Downside Pressure Nears Decade High

One of the indicators we track is Down Pressure.  It’s currently flirting with its most extreme levels of the past decade.

The indicator looks at the component stocks of the S&P 500 and computes how many points gained/lost were lost, and also how much of the volume flowing into up/down issues went into down issues.

Over the past 10 days, the average of those two figures is 73%, meaning about 73% of the points gained or lost in the component stocks were lost, and about 73% of the volume flowed into issues down on the day.

There have been four other days that match or exceed this reading – 7/22/02, 10/9/08, 7/2/10 and 8/4/11.  They were each within days of vicious market bounces.

Lopsided S&P 500 Breadth

On Monday for subscribers, we took a look at what’s happened in the past when almost every stock in the S&P 500 closed higher than its close the previous day.
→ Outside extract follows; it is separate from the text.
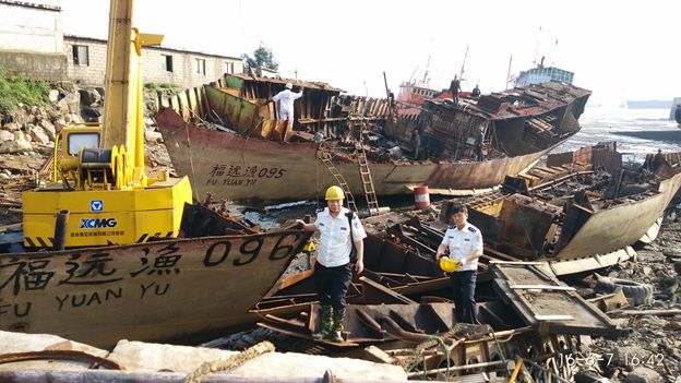 据介绍,为进一步加强远洋渔船更新建造管理,保障远洋渔业生产安全,推动远洋渔船及船用装备升级,促进远洋渔业持续健康发展,省海洋与渔业执法总队严格按照《农业部办公厅关于印发〈海洋捕捞渔船拆解操作规程(试行)〉的通知》和《福建省海洋捕捞渔船拆解管理暂行规定》文件精神,指派执法人员到现场对拟拆解渔船进行核实,确保拆解的渔船与渔业船舶证书证件记载的渔船一致。在渔船拆解过程中,执法人员对渔船拆解严格实施现场监督,拍摄渔船拆解现场监督管理的影像资料,督促船厂做好防治污染和安全保障措施,确保渔船拆解过程中的环境保护和安全。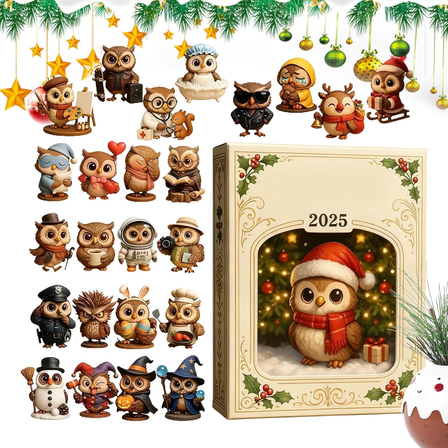 Opzioni di sospensione versatili: il calendario per il conto alla rovescia di Natale offre opzioni di sospensione estremamente versatili, che consentono di appenderlo in modo flessibile ai rami degli alberi, posizionarlo comodamente sui davanzali delle finestre o installarlo in modo decorativo come decorazione murale. Si integra perfettamente in diversi ambienti come soggiorni, cucine o ingressi e crea un'atmosfera armoniosa e festosa in ogni casa grazie alla sua versatilità adattabile a diversi scenari e al n Ornamento festivo interattivo: il calendario dell'Avvento di Natale convince come regalo indimenticabile e migliora l'interazione con i suoi ornamenti creativi con animali. Questi ispirano una profonda risonanza emotiva e trasmettono un’autentica cura festosa. Impressioni durature vengono lasciate in occasioni speciali come la mattina di Natale o riunioni di famiglia intime. Il calendario dell'Avvento diventa un highlight festivo che arricchisce l'atmosfera in modo incomparabile. Perfetto per le celebrazioni: il calendario dell'Avvento 2025 delizia con le vivaci forme di gufi e arricchisce rituali interattivi che riuniscono le famiglie con gioia e risate durante celebrazioni ed eventi festivi. Crea un'atmosfera festosa per le feste di Natale e rafforza la connessione attraverso attività quotidiane di conto alla rovescia, ideali per incontri sociali durante l'Avvento. REGALO IDEALE PER LE VACANZE: questo calendario dell'Avvento 2025 ti consente di condividere affetto e cura in occasione di compleanni, feste e festività. Offre esperienze indimenticabili per bambini e bambine e garantisce che ogni occasione sia creativa e valorizzata. Con questo calendario natalizio puoi mostrare il tuo amore e la tua attenzione in modo speciale e creare momenti speciali. Fascino duraturo: il calendario dell'Avvento di Natale 2025 combina una lunga durata con un'estetica senza tempo, consentendo alle famiglie di utilizzare le sue funzionalità anno dopo anno. In questo modo si creano ricordi preziosi durante le celebrazioni natalizie senza preoccuparsi di usura prematura o danni. Il suo fascino duraturo lo rende parte integrante delle tradizioni natalizie, portando gioia e intimità in ogni stagione e grazie alla sua costruzione robusta

At the time, 498 of the 500 components were positive, but by the close it had dipped to 492.  That still ranks as one of the all-time best days since 1997.
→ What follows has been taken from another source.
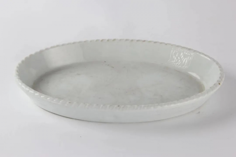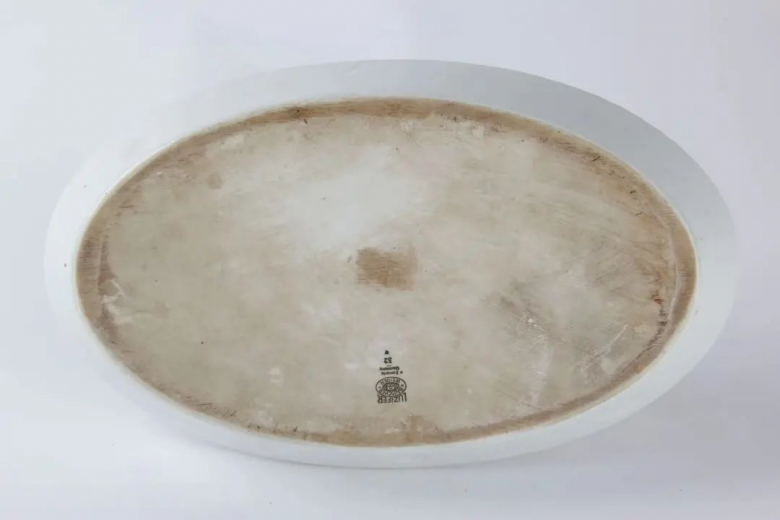 盘高4.2厘米,长口径31.9厘米,短口径18.8厘米,长底径27.4厘米,短底径15.8厘米;胎质细腻,除底部外通体施白釉,釉面细腻莹润,外底露胎呈米汤色。此外,底部印有黑色商标和地名,该盘为德国巴伐利亚州的Bauscher Weiden公司生产的白瓷盘。此公司为欧洲著名的陶瓷生产商。

Today, we’re once again seeing almost every stock in the S&P 500 up on the day.  Below is the table we shared earlier in the week regarding these extremely lopsided breadth days.
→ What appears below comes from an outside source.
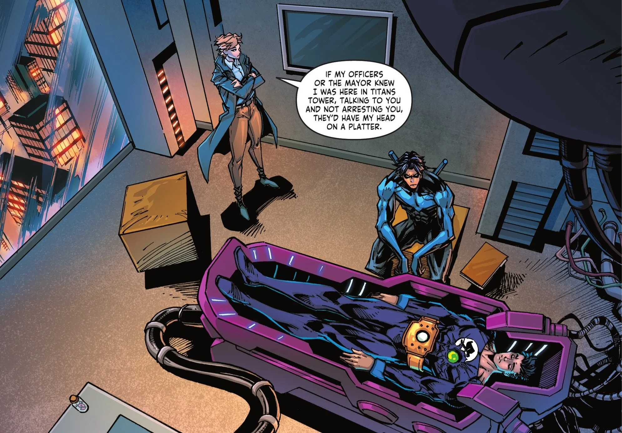 He continues to sit at the bedside of Nightwing Prime, who has not healed from his Kryptonite blast. Nightwing tunes out the world, waiting patiently and quietly, mentally trying to make heads (no pun intended) or tails of the situation. His entire world has been turned upside down in the matter of a single night. Detective Maggie Sawyer sits with him, seeking answers as well.

Every one of the days occurred in the past five years.  Many times over the past several years, we’ve discussed the increased volatility in daily breadth data, likely due to high-frequency trading, the proliferation of ETFs and decimalization among other factors.

So extreme breadth readings today occur much more often and likely mean less than they did even 5 years ago.  Still, they are a notable phenomenon and we continue to find some value in them.